So you want to be a Data Scientist? The good news is that there are tons of great resources out there to learn from. The bad? None is comprehensive, and choosing the best can be completely overwhelming. I created this list to help you stay focused on learning what’s important, the easiest way possible.
But it won’t be easy…
Data Science combines Statistics, Programming, Machine Learning, and Visualization, amongst other disciplines. Simply put, there is a lot to learn. I took every course and read every book on this list, and it took me approximately 210 hours, over a few months.
Ready to dive in? Great! I would love to hear about your experience learning Data Science, and answer any questions. Tweet this post below and let me know how it’s going.
Finally, good luck, and have a lot of fun. I certainly did.
1. Immerse Yourself
We start with some light reading and listening. You can’t spend all your time reading textbooks and taking courses. Get these books and podcasts, and read or listen to them throughout your studies.
12 hr | $29Read The Signal and the Noise by Nate Silver
A fun introduction to Data Science, that will teach you how to think like a data scientist.
9 hr | $17Read Naked Statistics by Charles Wheelan
An easy introduction to statistics, without getting too deep into the maths.
freeSubscribe to the Data Skeptic podcast
Features conversations with data science experts, as well as great mini episodes which teach the basics.
freeSubscribe to the Partially Derivative podcast
A weekly discussion about Data Science related news.
freeSubscribe to the Data Science Weekly newsletter
Data Science news in your inbox, weekly.
2. Learn Python
Programming is a key part of Data Science. There’s an on-going debate about whether you should learn R or Python first. It’s better to pick one than spend your time debating the best. Choose Python.
6 hr | freeDo the Learning Python mission at DataQuest
You’ll learn Python interactively while playing with real data.
If you’re new to programming you may need a more thorough introduction.
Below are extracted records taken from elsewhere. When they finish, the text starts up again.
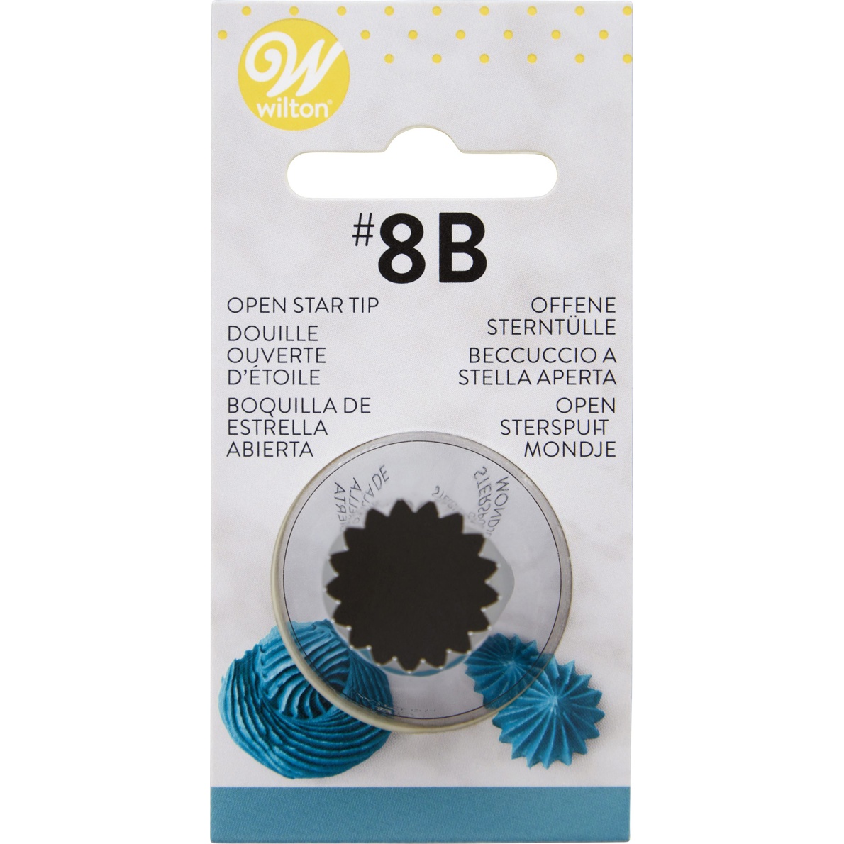 O bico Wilton Open Star 8B permite criar estrelas, rosetas e flores com acabamento profissional. Seu desenho de pontas abertas proporciona texturas definidas e detalhes delicados em buttercream e glacês.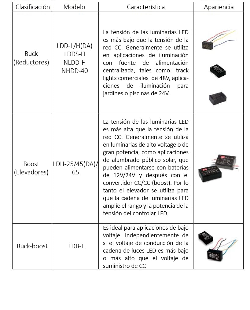Los controladores LED (CC-CC) se pueden clasificar como buck o step down (reductores de tensión), boost o step-up (elevadores de tensión) y buck-boost (reductor-elevador de tensión) según la estructura utilizada. La siguiente tabla muestra la clasificación y características de los productos distribuidos por Electrónica OLFER y fabricados por MEAN WELL.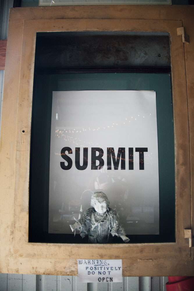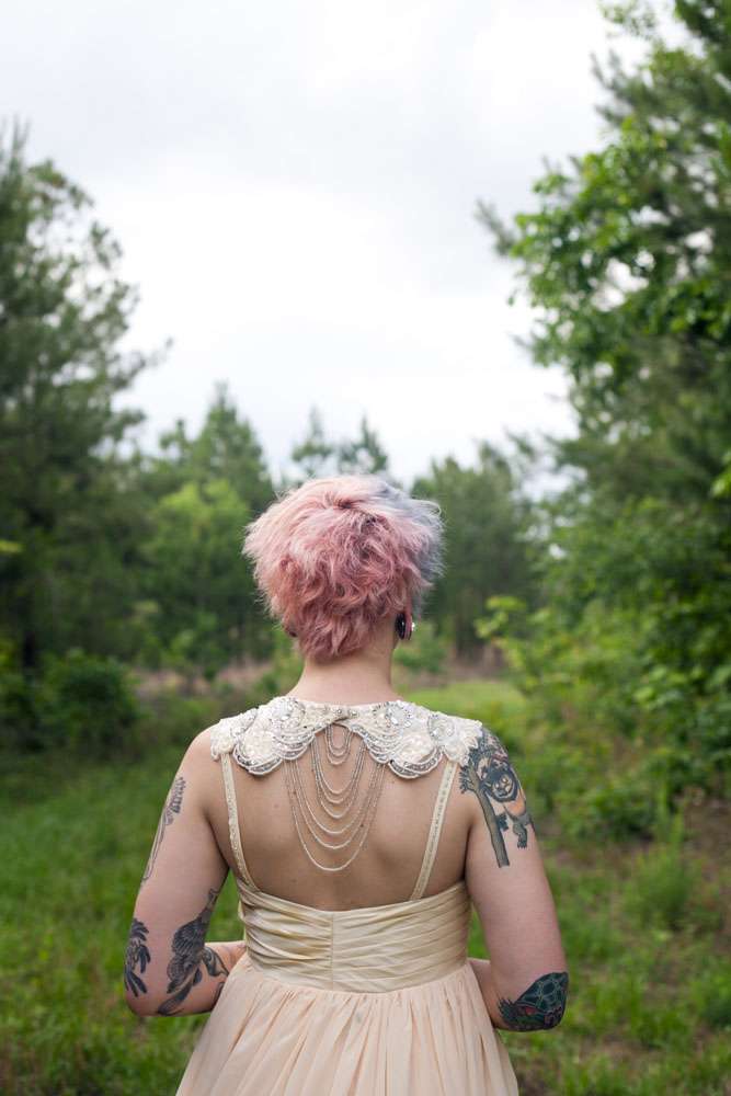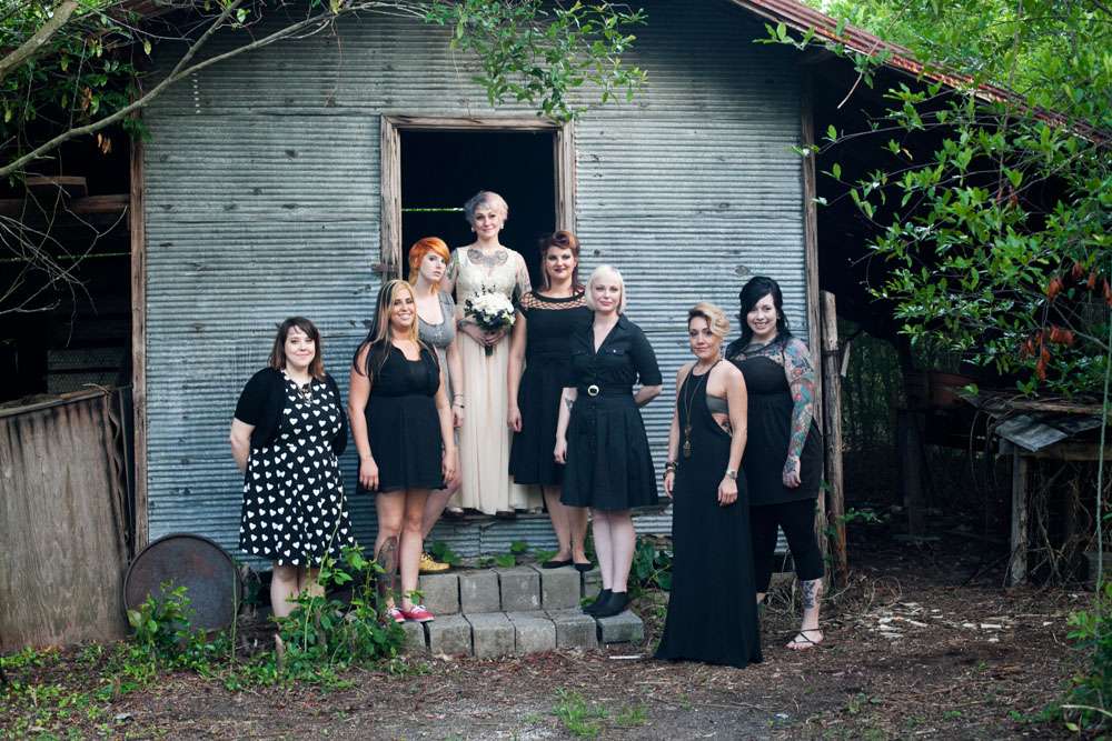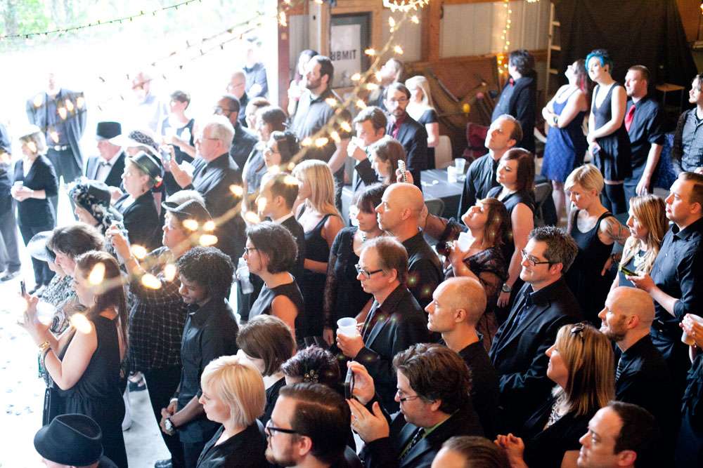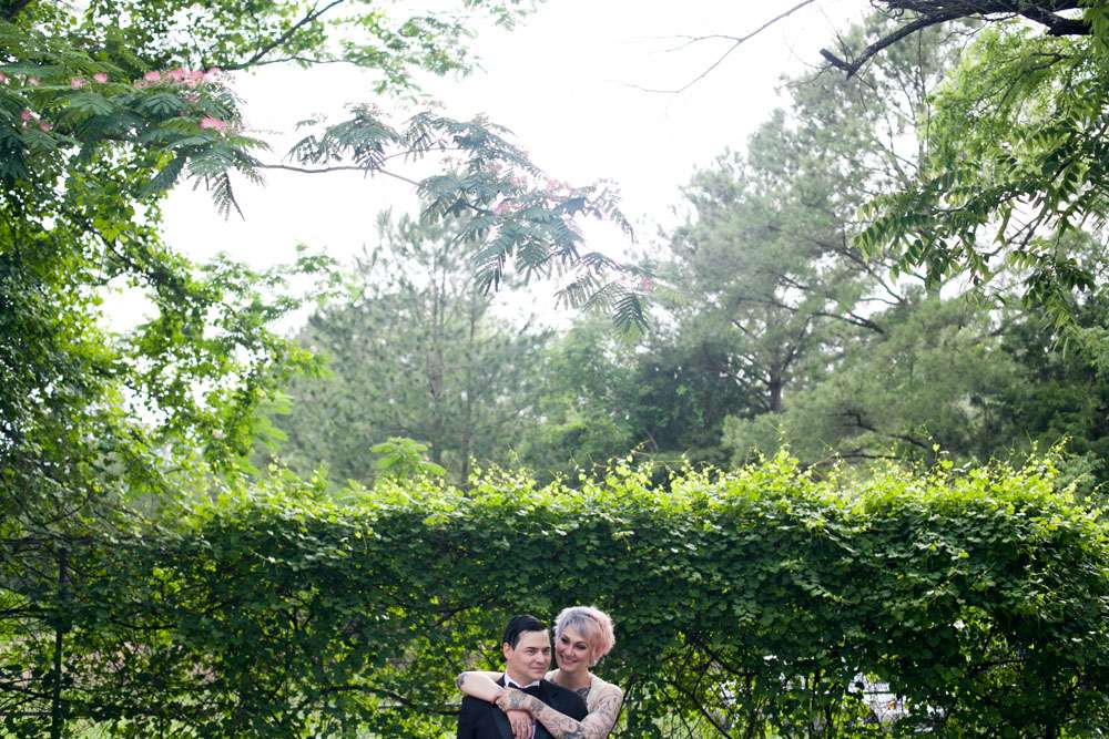 “Literally everything but the food and a few decorations we did on our own. Originally we were going to get married outside, but the weather called for rain. So we had to quickly organize and decorate a corner of the building we were having the reception in so it would be photo ready. We nailed rope to wooden posts in the corner like a clothesline, draped black sheets and thrifted white lace table cloths over the rope for a backdrop, and scattered the floor with black silk rose petals and it worked perfectly.”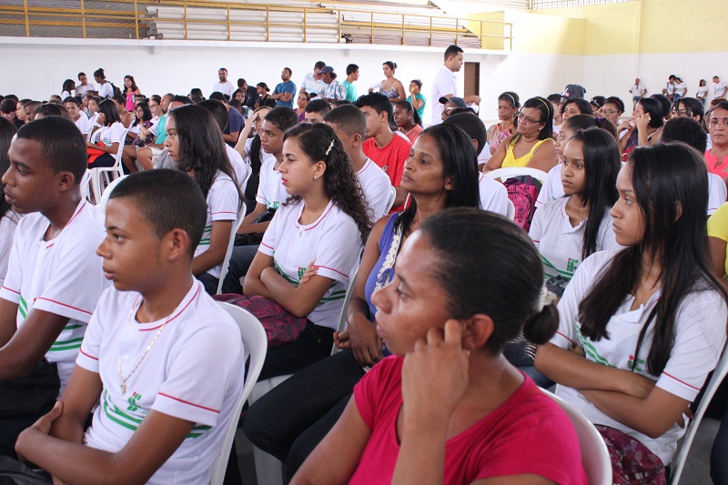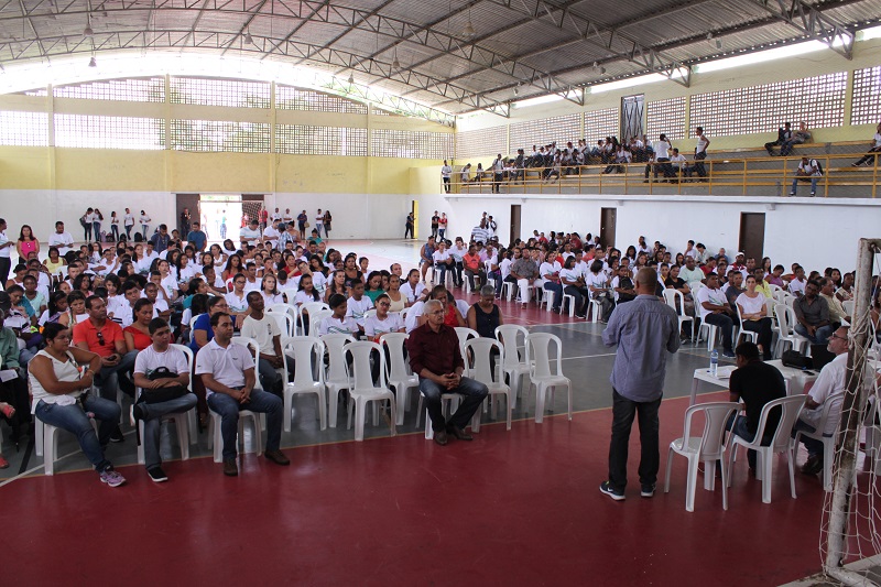 Servidores, estudantes e familiares participam da aula inaugural para o ano letivo 2016, realizada no Ginásio de Esportes do IF Baiano - Campus Catu.

In that case:
40 hr | $30Read Learn Python the Hard Way
A great introduction to programming using Python.
Otherwise, you’ll pick it up quickly using:
1 hr | freeRead Learn Python in Y minutes
This is a really fast way to learn Python if you’re already a programmer
3. Learn the Big Picture
There are a lot of aspects to Data Science. In this unit you’ll focus on learning how they all fit together. Get a little breadth in your diet.
10 hr | $32Read Data Science from Scratch
This is a fantastic book that introduces you to Data Science, using Python
5 hr | freeTake the Data Analysis and Data Visualization missions at Data Quest
These will teach you about numpy, pandas, and matplotlib, three crucial tools for your toolbelt.
4. Learn Statistics
Statistics is the foundation for much of Data Science. It is the tool we use to rigorously reason about the world using data.
7 hr | freeTake Udacity’s Intro to Descriptive Statistics course
This course seems overly simplistic at times, but it’s a good refresher on descriptive statistics. Tip: Set the playback speed to 1.5x.
10 hr | freeTake Udacity’s Intro to Inferential Statistics course
This course is also a little simple. It’s still worth going through to get a strong grip on hypothesis testing, which is critical in Data Science.
40 hr | $79Read All of Statistics
If you really want to master statistics, this is the book for you. Don’t get too bogged down with the details, but take a good read through it and use it as a reference for the rest of your career.
5. Learn Machine Learning
Machine Learning is a hot topic, and a big driver of the recent flood of interest in Data Science. It’s also a very deep field.
20 hr | freeTake Udacity’s Introduction to Machine Learning course
This is a very practical, hands-on course. You learn how to apply machine learning algorithms using the sklearn Python package.
30 hr | freeTake Coursera’s Machine Learning course
This is a more theoretically rigorous course. It is fantastically done.
Now use your skills and go out and do some actual data science!
8 hr | freeComplete a Kaggle competition
Kaggle provides the data, you provide the science. Try some of their “Knowledge” competitions to get some practice.
12 hr | freeDo your own analysis
Find a real dataset on Data.gov, perform a real analysis, and publish your findings online.